Your assignment: The full listing is to be returned exactly as given, but without pictures.

Data extract:
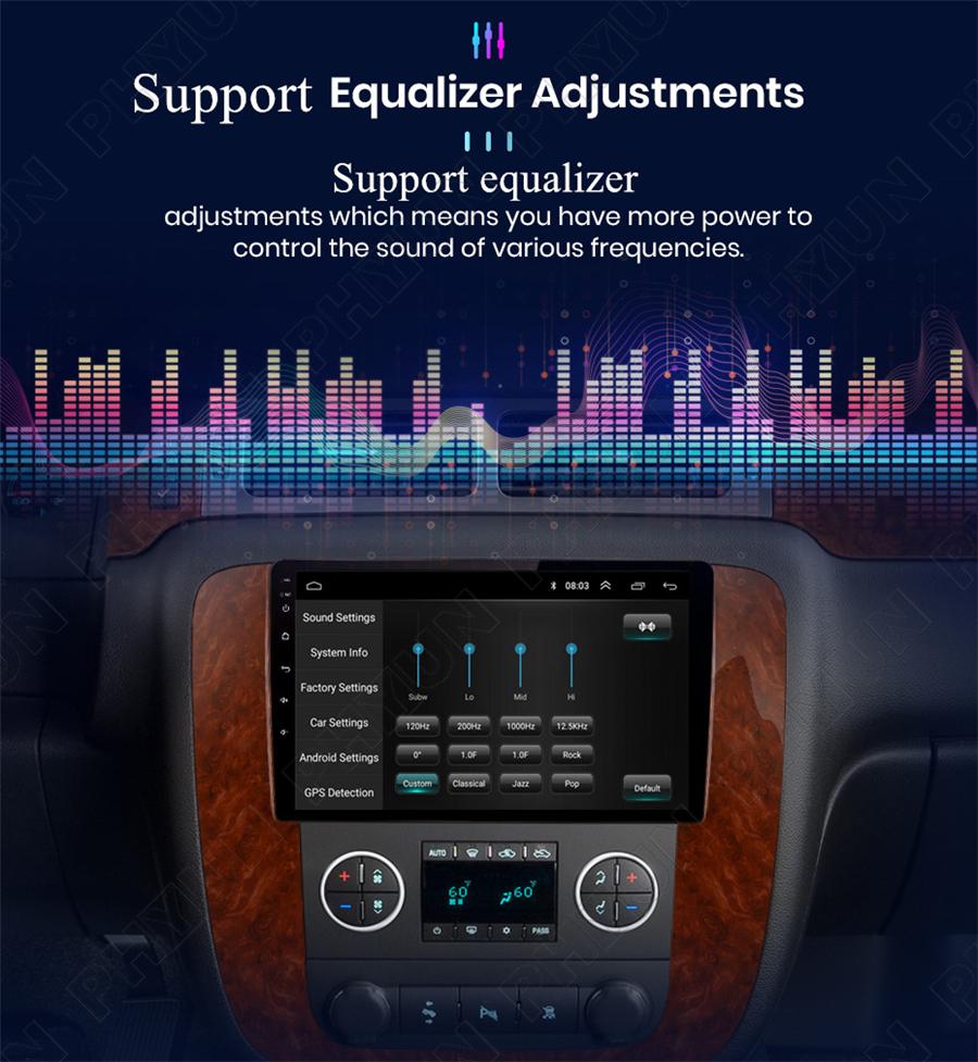 Setup | - WiFi/Hotspot/Bluetooth: Yes - Brightness level adjustable: Yes - Wallpaper: Wallpapers/Live Wallpapers/Gallery - Sound: Key Tone & Volume - Storage: Display Internal Storage/Nand Flash/Connected Device Storage - Apps: Running Apps display/force stop/uninstall - Security: Yes - Accounts: Yes - Languages and Input: more than 70 Languages and choose input method - Backup and Reset: Yes - Date and Time: Setting Date&Time by yourself or choose GPS/network-provided time - Accessibility: Yes - GPS: Yes, GPS application options/monitoring/sound mode/mixing ratio - Driving safety: Watching Video, Reversing X-mirror/Volume, Reversing Trajectory/radar Display, Rear view ruler - Amplifier: Rock/Pop/Jazz/Classic/Flat/Voice/Custom - Steering Wheel Control: Yes - About Device: Display Parameter Info. |
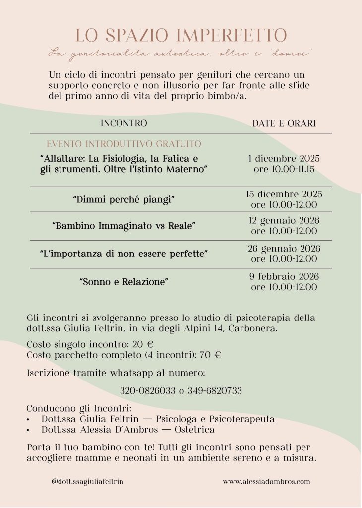 In questo tempo prezioso, l’ostetrica offre un accompagnamento delicato e competente, aiutando i genitori a leggere i bisogni del neonato, a prendersi cura della mamma nel suo recupero fisico ed emotivo e a ritrovare armonia nella nuova vita familiare.
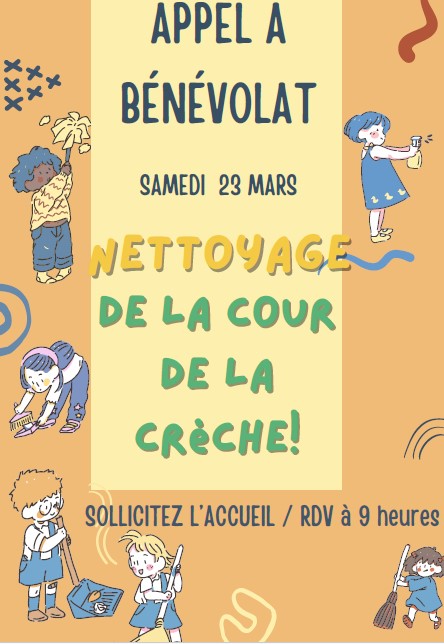 La cour de la crèche a besoin d’un petit coup de main pour retrouver sa propreté ! ![]()

Exercise response:
 Setup | - WiFi/Hotspot/Bluetooth: Yes - Brightness level adjustable: Yes - Wallpaper: Wallpapers/Live Wallpapers/Gallery - Sound: Key Tone & Volume - Storage: Display Internal Storage/Nand Flash/Connected Device Storage - Apps: Running Apps display/force stop/uninstall - Security: Yes - Accounts: Yes - Languages and Input: more than 70 Languages and choose input method - Backup and Reset: Yes - Date and Time: Setting Date&Time by yourself or choose GPS/network-provided time - Accessibility: Yes - GPS: Yes, GPS application options/monitoring/sound mode/mixing ratio - Driving safety: Watching Video, Reversing X-mirror/Volume, Reversing Trajectory/radar Display, Rear view ruler - Amplifier: Rock/Pop/Jazz/Classic/Flat/Voice/Custom - Steering Wheel Control: Yes - About Device: Display Parameter Info. |
 In questo tempo prezioso, l’ostetrica offre un accompagnamento delicato e competente, aiutando i genitori a leggere i bisogni del neonato, a prendersi cura della mamma nel suo recupero fisico ed emotivo e a ritrovare armonia nella nuova vita familiare.
 La cour de la crèche a besoin d’un petit coup de main pour retrouver sa propreté ! ![]()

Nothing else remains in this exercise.